Data for the task:

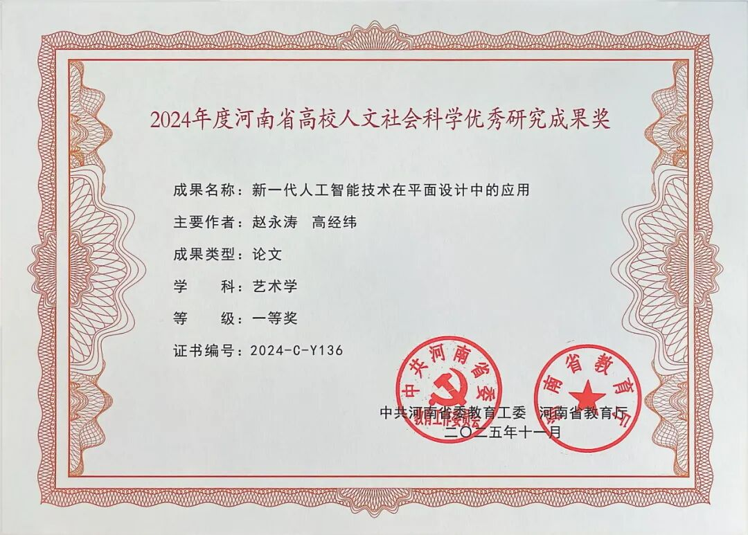 赵永涛教授牵头完成的论文《新一代人工智能技术在平面设计中的应用》荣获一等奖(证书编号:2024-C-Y136)。该研究聚焦人工智能技术与平面设计的深度融合,系统分析了新一代人工智能在平面设计领域的应用现状、现实问题与发展趋势。
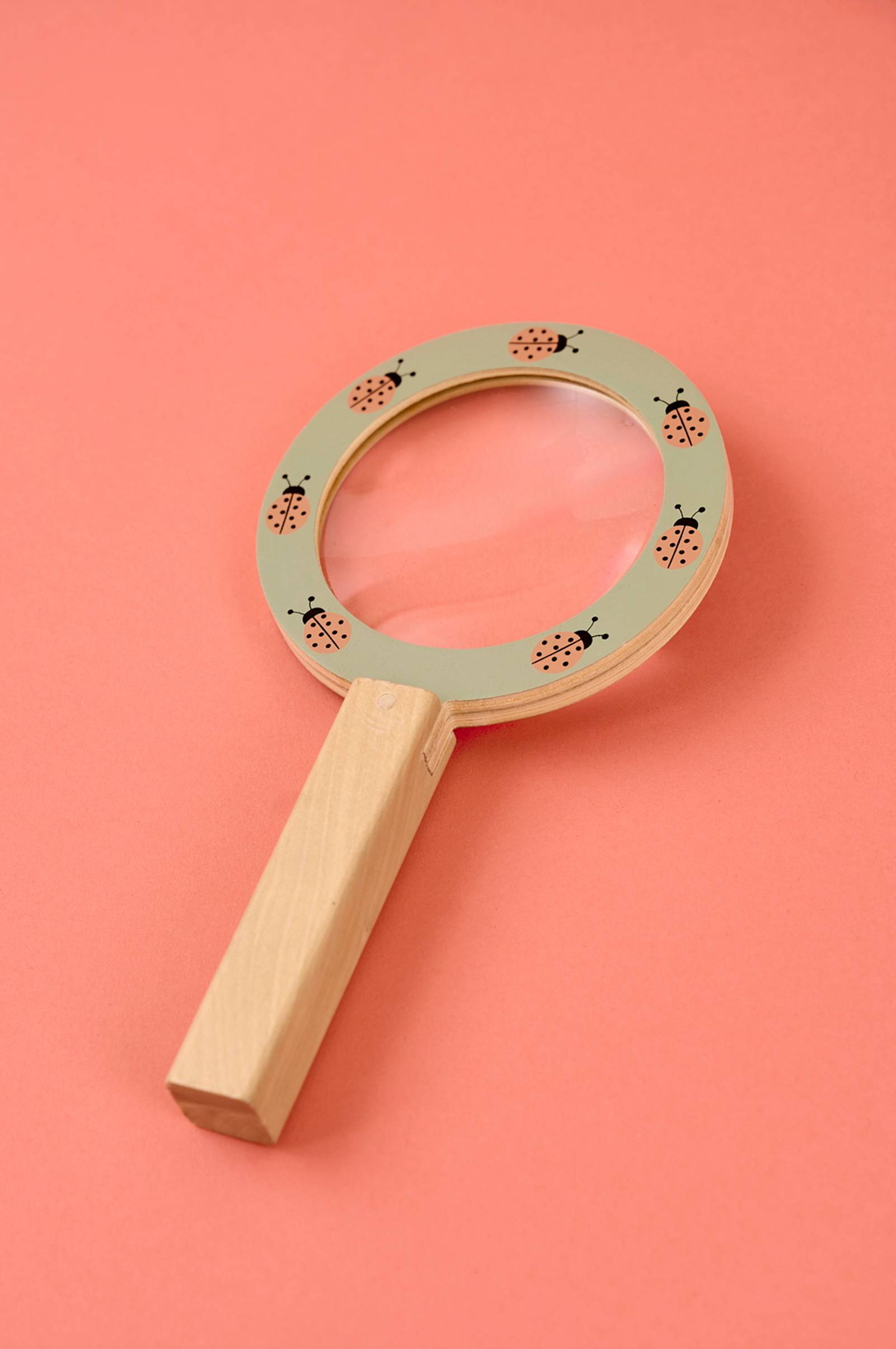 "Näetkö pienet pisteet sen selässä?" Anna lapsesi löytää pienten asioiden kauneus jabadabadon suurennuslasin avulla. Kahva on valmistettu luonnonpuusta, ja hillityn vihreää kehystä koristavat suloiset leppäkertut. Täydellinen uteliaille pienille tutkimusmatkailijoille, jotka haluavat tutustua maailmaan läheltä.
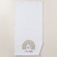 Cute watercolor boho rainbow beach towel personalised with your name. Girl's beach towel.
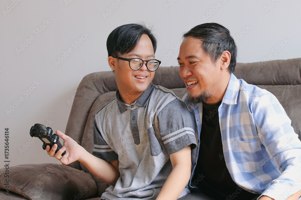 Happy Father and Son Enjoy Quality Time Gaming Together on a Couch
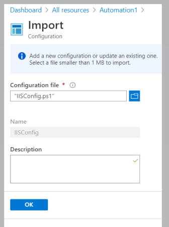 Import-AzAutomationDscConfiguration -AutomationAccountName "Automation1" -ResourceGroupName "rg1" -SourcePath ".\IISConfig.ps1" -Published
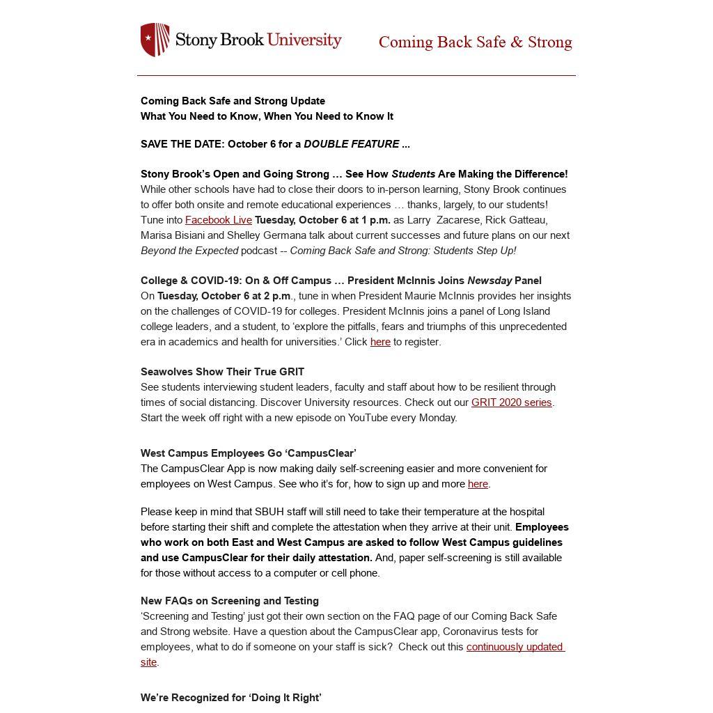 With a healthy start to Fall 2020, SBU is looking to continue to provide a safe, healthy campus environment this Spring. HR sent a comprehensive email on October 1 -- with everything from campus resources for COVID-19 health and safety, to COVID-19 testing, to telecommuting exemptions and the COVID-19 Telephone Information Line. Take a look if you haven’t … or a closer one … for all the details.

Exercise requirements:
Return the complete material exactly as given, excluding images.

Exercise solution:
 赵永涛教授牵头完成的论文《新一代人工智能技术在平面设计中的应用》荣获一等奖(证书编号:2024-C-Y136)。该研究聚焦人工智能技术与平面设计的深度融合,系统分析了新一代人工智能在平面设计领域的应用现状、现实问题与发展趋势。
 "Näetkö pienet pisteet sen selässä?" Anna lapsesi löytää pienten asioiden kauneus jabadabadon suurennuslasin avulla. Kahva on valmistettu luonnonpuusta, ja hillityn vihreää kehystä koristavat suloiset leppäkertut. Täydellinen uteliaille pienille tutkimusmatkailijoille, jotka haluavat tutustua maailmaan läheltä.
 Cute watercolor boho rainbow beach towel personalised with your name. Girl's beach towel.
 Happy Father and Son Enjoy Quality Time Gaming Together on a Couch
 Import-AzAutomationDscConfiguration -AutomationAccountName "Automation1" -ResourceGroupName "rg1" -SourcePath ".\IISConfig.ps1" -Published
 With a healthy start to Fall 2020, SBU is looking to continue to provide a safe, healthy campus environment this Spring. HR sent a comprehensive email on October 1 -- with everything from campus resources for COVID-19 health and safety, to COVID-19 testing, to telecommuting exemptions and the COVID-19 Telephone Information Line. Take a look if you haven’t … or a closer one … for all the details.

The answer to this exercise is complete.